Chapter 7: Environmental Pathology

This material is intended for medical students and faculty and accompanies the new section on health disparities in Robbins & Kumar Basic Pathology 11th edition. Although any group can experience health disparities, this video focuses on health disparities between socially defined races. I discuss terminology and the intrinsic and extrinsic causes of health disparities between socially defined races. There is also a bit of evolutionary biology to provide a foundation for understanding why biological race does not exist and why a focus on biological aspects of race in medicine should be abandoned.
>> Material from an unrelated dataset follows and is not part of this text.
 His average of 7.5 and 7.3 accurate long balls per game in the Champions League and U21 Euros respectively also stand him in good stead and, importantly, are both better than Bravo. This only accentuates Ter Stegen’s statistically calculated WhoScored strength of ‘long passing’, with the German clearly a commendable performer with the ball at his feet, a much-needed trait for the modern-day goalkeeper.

This video for medical students is a broad overview of ethanol metabolism and the pathophysiologic consequences of its metabolites on the body. This material is intended to accompany the "Alcohol" section in the Environmental Pathology chapter of Robbins Pathology textbooks, to provide a foundation for organ-specific diseases later in the book.
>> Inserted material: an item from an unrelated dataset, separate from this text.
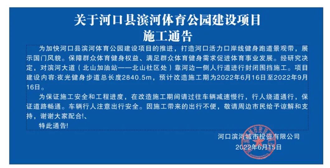 该项目主要建设内容共涉及范围42249.98平方米,共涉及常规球类、健身步道类、广场与器械类、儿童活动设施类四大类提升改造工程,分为健身步道和休闲球场建设项目,其中,健身步道由滨河夜光健身步道和健身步道两项组成。目前河口县正在对滨河大道(北山加油站至北山社区段)靠河边一侧人行道进行封闭围挡施工,主要涉及夜光健身步道建设项目,总长度为2840.5米,预计改造工期为2022年6月16日至2022年9月16日,项目总投资2965.79万元。

This video centers tobacco in the Environmental Pathology chapter of Robbins Basic Pathology, as an overview of the mechanisms that contribute to disease and an introduction to the pathologic entities that you will encounter as you progress from general pathology to systems pathology. Cigarette smoking, in particular, has a HUGE impact on health. Although we usually think about cigarettes in association with lung cancer (and rightly so since 80-90% of lung cancers are linked to cigarette smoking), tobacco is an etiologic factor in multiple malignancies (AML, carcinomas of the kidney, bladder, ureter, pancreas, colon, liver) and many other diseases (e.g., diabetes, fertility issues, ectopic pregnancy, rheumatoid arthritis, cataracts) as well as harm to the fetus. In this video, I discuss some of the general mechanisms implicated in tobacco-related injury and give a broad overview of some of the entities you will see.

Ghrelin, leptin, peptide YY, proopiomelanocortin... oh my! This video will review the neurohumoral mechanisms that are part of the efferent and afferent systems and central processing system that regulate energy balance and body weight. Understanding this topic will help you communicate with your patients regarding weight gain/loss and provide insights into pharmaceutical developments in this field.